The Revenue Surge and Shifting Margins
PhysicsWallah (PW) announced robust financial results for the third quarter of fiscal year 2026, driven by its expanding online and offline educational ventures. Revenue from operations climbed 33.7% year-on-year to Rs 1,082.4 crore for the quarter ending December 31, 2025. This performance allowed the company to surpass its full FY25 revenue within the first nine months of FY26, a significant top-line achievement [cite: Source A, 7]. The growth in paid users, from 3.60 million in 9M FY25 to 4.37 million in 9M FY26, underpinned this expansion [cite: Source A].
However, a deeper look reveals a divergence in profitability metrics. While Adjusted EBITDA saw a healthy 40% year-on-year increase to Rs 351.2 crore, reflecting a strong EBITDA margin of 32.4%, the Profit After Tax (PAT) margin stood at a more modest 9.4% (Rs 102.3 crore). This indicates that while core operational earnings are growing, the bottom-line profitability is being compressed by other expenses. Notably, employee benefit expenses, including share-based payments, remained the largest cost component at Rs 489.7 crore for the quarter [cite: Source A]. The substantial difference between EBITDA and PAT suggests significant interest expenses, depreciation, or tax outlays are impacting net profit. Furthermore, a significant portion of profit before tax stemmed from other income, raising questions about the sustainability of earnings solely from core operations.
Network Expansion and Valuation Jitters
PW's physical footprint has grown dramatically, with 318 centres operational by December 31, 2025, up from 186 centers a year prior. This aggressive expansion into offline and hybrid learning models fuels revenue growth but demands considerable capital investment. The company's market capitalization, which stood around ₹33,000-₹35,000 crore in early February 2026, has seen a notable decline of over 21% since its IPO valuation in November 2025. This contraction, coupled with a negative Earnings Per Share (EPS) and a high Price-to-Book (P/B) ratio, suggests that market sentiment is increasingly scrutinizing the company's valuation.

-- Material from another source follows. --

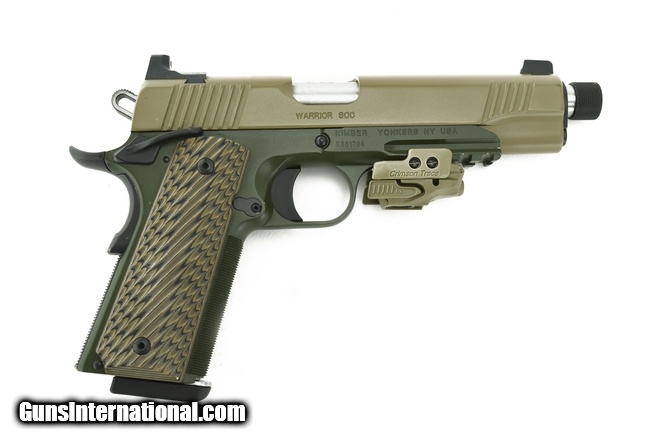 Kimber Warrior SOC .45 ACP caliber pistol. Tactical model with raised night sights, threaded barrel and laser in excellent condition with box.

Compared to peers in the Indian edtech space, PW's substantial revenue growth is evident. However, its profitability metrics present a contrast. While competitors like MPS, Veranda Learning, and Jaro Institute operate with significantly lower market capitalizations and often report positive Return on Equity (ROE), PW's ROE remains negative at approximately -19%. The company's IPO was priced at ₹109, listing at a premium of 33% on November 18, 2025 [cite: Source A]. Yet, the stock has since faced pressure, underperforming the benchmark Sensex year-to-date.
Divided Analyst Views and Future Trajectory
Analyst sentiment towards PhysicsWallah is bifurcated. While some analysts maintain a 'Buy' or 'Outperform' rating with an average 12-month price target around ₹135-₹138, suggesting potential upside, others express significant caution. MarketsMOJO assigned a 'Strong Sell' rating in December 2025, citing valuation concerns. Goldman Sachs initiated coverage with a 'Neutral' rating and a target of ₹135, reflecting a balanced view of growth prospects against valuation headwinds. The edtech sector in India continues to evolve, with trends pointing towards AI integration and hybrid learning models becoming standard, presenting both opportunities and increased competition for PW. The company's ability to convert its topline growth and extensive network into sustainable, profitable PAT growth will be crucial for investor confidence.